Text files

Characters

A character is a single letter, or number, or space, or symbol.

A text file contains nothing but a series of numbers, where each number represents a character. The number is the character code, which is a mapping (for example, 65 for A, 66 for B).

To decode the numbers in a text file, you must know the mappings between those numbers and the characters they represent. Today there is effectively one standard code for this, called Unicode. The first 126 characters in that code are very common and, historically, were defined first as the ASCII code.

Some characters have special “non-printable” meanings and represent something other than a shape you can see: these are called control characters.

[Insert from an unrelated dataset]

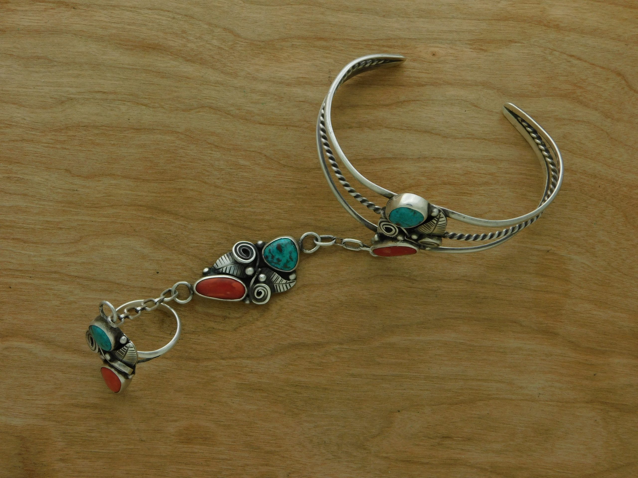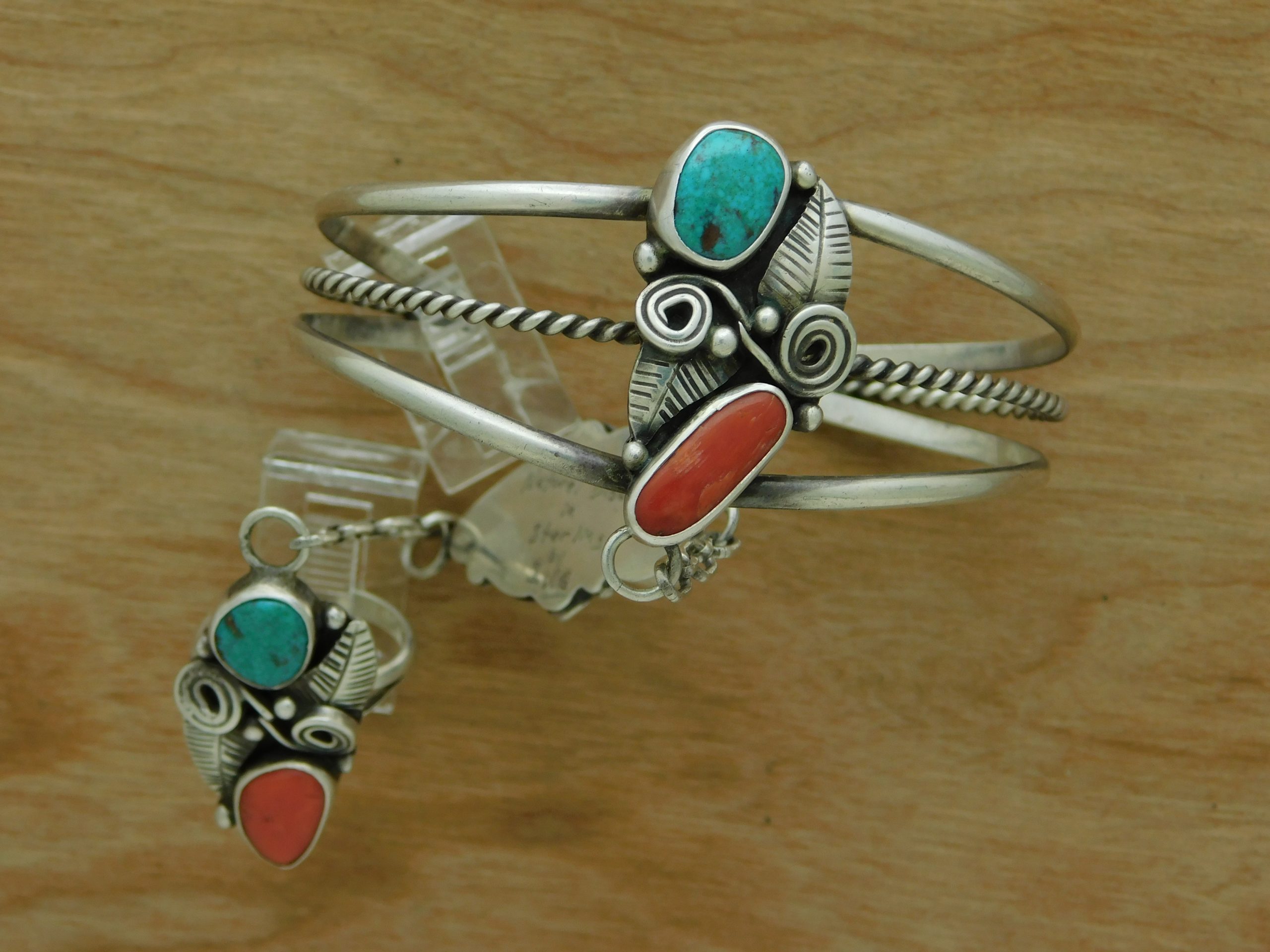 - Rare Bisbee Turquoise and Red Mediterranean Coral Slave Bracelet by SVG.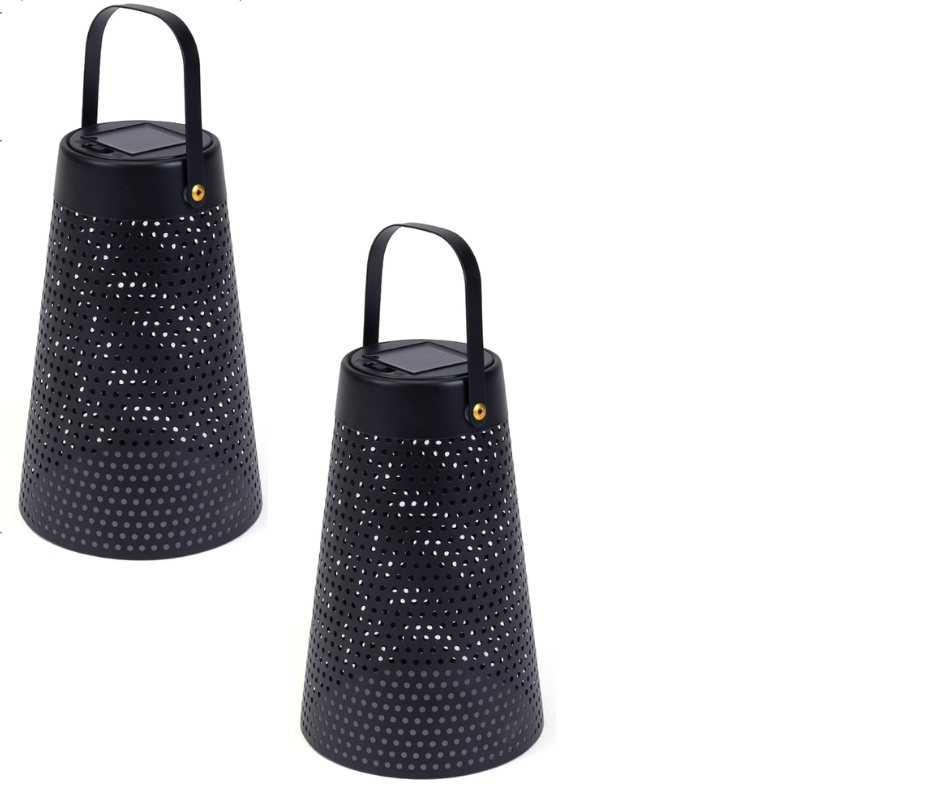 These solar lanterns are so cool! The black metal fits with any decor and because they are solar, they’ll work outside in any sunny location. And the best part? At night they cast the most intricate patterns of light wherever you place them. Hang them over a sidewalk, or set them on a table – either way, they look great. The lanterns add a soft warm light to your space. The light is bright enough to see the patterns, yet not so bright that they distract from star gazing at night. The lanterns have handles, so you can even carry them from place to place. Relax by this soft light while enjoying starlit evenings on your deck, porch, or patio this Summer!

Accessing character codes programmatically

Most general programming languages let you access a character’s underlying character code.

In Python

In Python, use the ord() function:

letter = "A"
ord(letter)   # => 65

In Java

In Java, the underlying value of the primitive type char is its character code. So casting it explicitly as an integer will give that code. For example:

char letter  = 'A';
int char_code = letter;   // => 65

In JavaScript

In JavaScript, use string’s charCodeAt() with the index of the character within the string (but for full Unicode support, use codePointAt() instead because charCodeAt() is only good for codes up to 65536):

let letters = "ABCZ";
letters.charCodeAt(0);   // A => 65
letters.charCodeAt(3);   // Z => 90